[EXERCISE DATA]
· · · ·
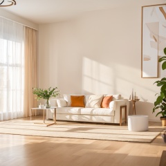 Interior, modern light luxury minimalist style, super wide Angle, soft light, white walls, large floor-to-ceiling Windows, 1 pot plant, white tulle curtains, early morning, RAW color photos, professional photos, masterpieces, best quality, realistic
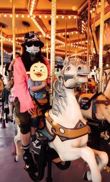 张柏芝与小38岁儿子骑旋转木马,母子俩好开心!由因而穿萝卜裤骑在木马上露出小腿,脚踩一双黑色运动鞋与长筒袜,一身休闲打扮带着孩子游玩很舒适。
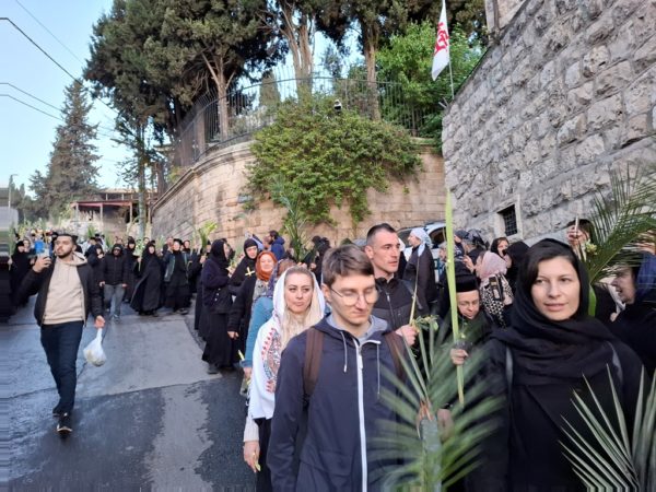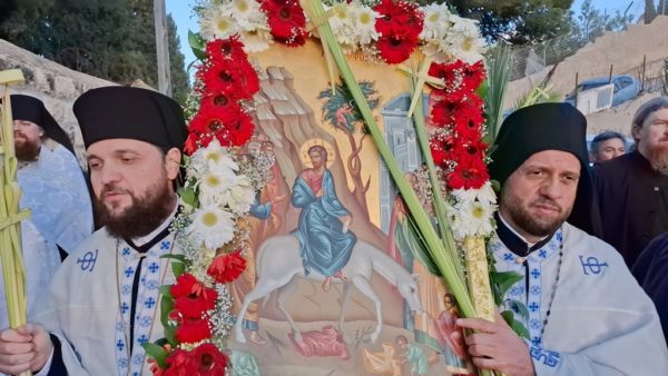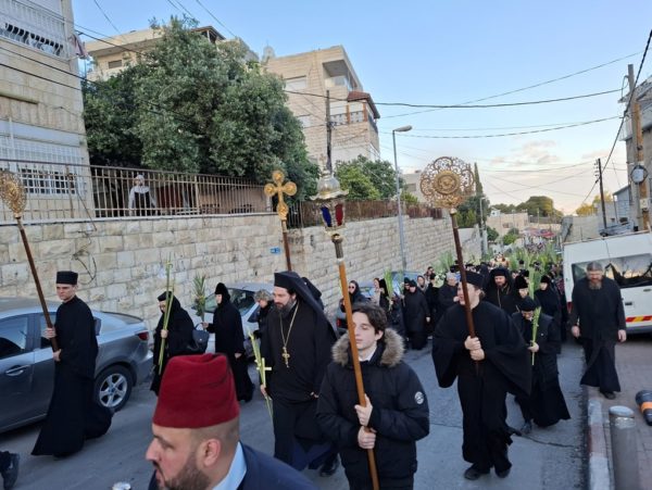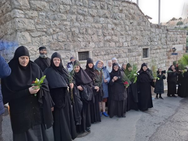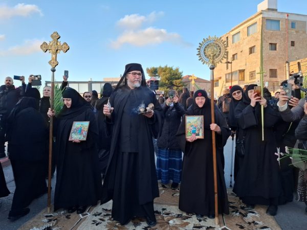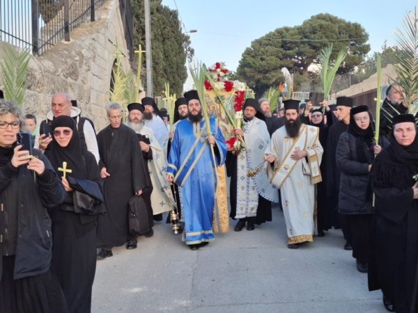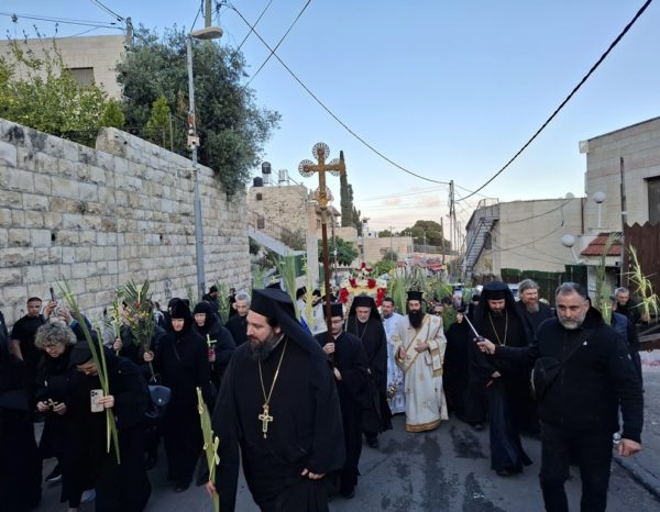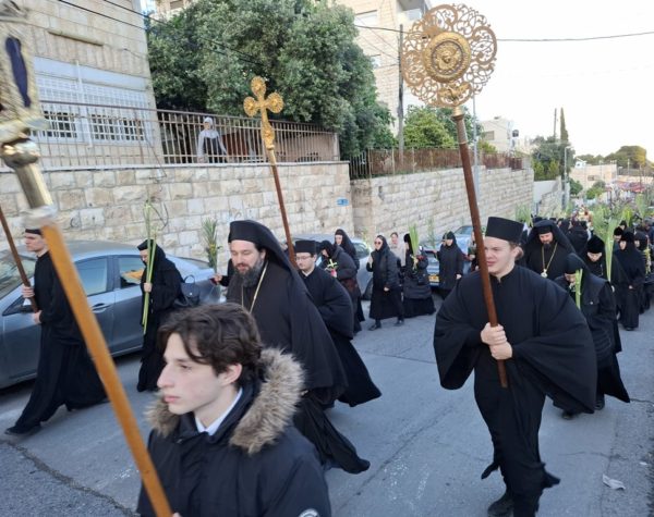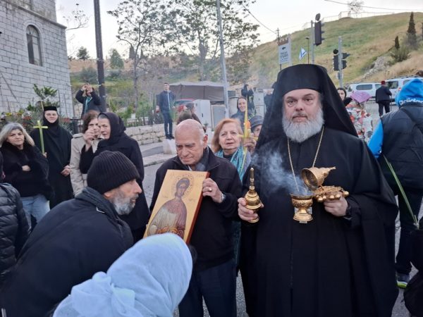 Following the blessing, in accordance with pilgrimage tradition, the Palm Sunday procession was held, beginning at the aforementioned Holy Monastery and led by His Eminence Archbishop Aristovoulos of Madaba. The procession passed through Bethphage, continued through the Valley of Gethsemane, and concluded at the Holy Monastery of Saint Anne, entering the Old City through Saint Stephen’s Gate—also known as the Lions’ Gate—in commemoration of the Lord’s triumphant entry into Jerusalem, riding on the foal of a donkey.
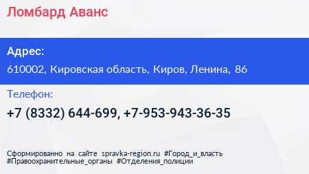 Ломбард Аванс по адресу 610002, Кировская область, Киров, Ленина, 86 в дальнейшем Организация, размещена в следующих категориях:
· · · ·
[EXERCISE OBJECTIVE] Give back the whole of the material exactly, with the pictures removed.

[WRITTEN ANSWER]
 Interior, modern light luxury minimalist style, super wide Angle, soft light, white walls, large floor-to-ceiling Windows, 1 pot plant, white tulle curtains, early morning, RAW color photos, professional photos, masterpieces, best quality, realistic
 张柏芝与小38岁儿子骑旋转木马,母子俩好开心!由因而穿萝卜裤骑在木马上露出小腿,脚踩一双黑色运动鞋与长筒袜,一身休闲打扮带着孩子游玩很舒适。
 Following the blessing, in accordance with pilgrimage tradition, the Palm Sunday procession was held, beginning at the aforementioned Holy Monastery and led by His Eminence Archbishop Aristovoulos of Madaba. The procession passed through Bethphage, continued through the Valley of Gethsemane, and concluded at the Holy Monastery of Saint Anne, entering the Old City through Saint Stephen’s Gate—also known as the Lions’ Gate—in commemoration of the Lord’s triumphant entry into Jerusalem, riding on the foal of a donkey.
 Ломбард Аванс по адресу 610002, Кировская область, Киров, Ленина, 86 в дальнейшем Организация, размещена в следующих категориях:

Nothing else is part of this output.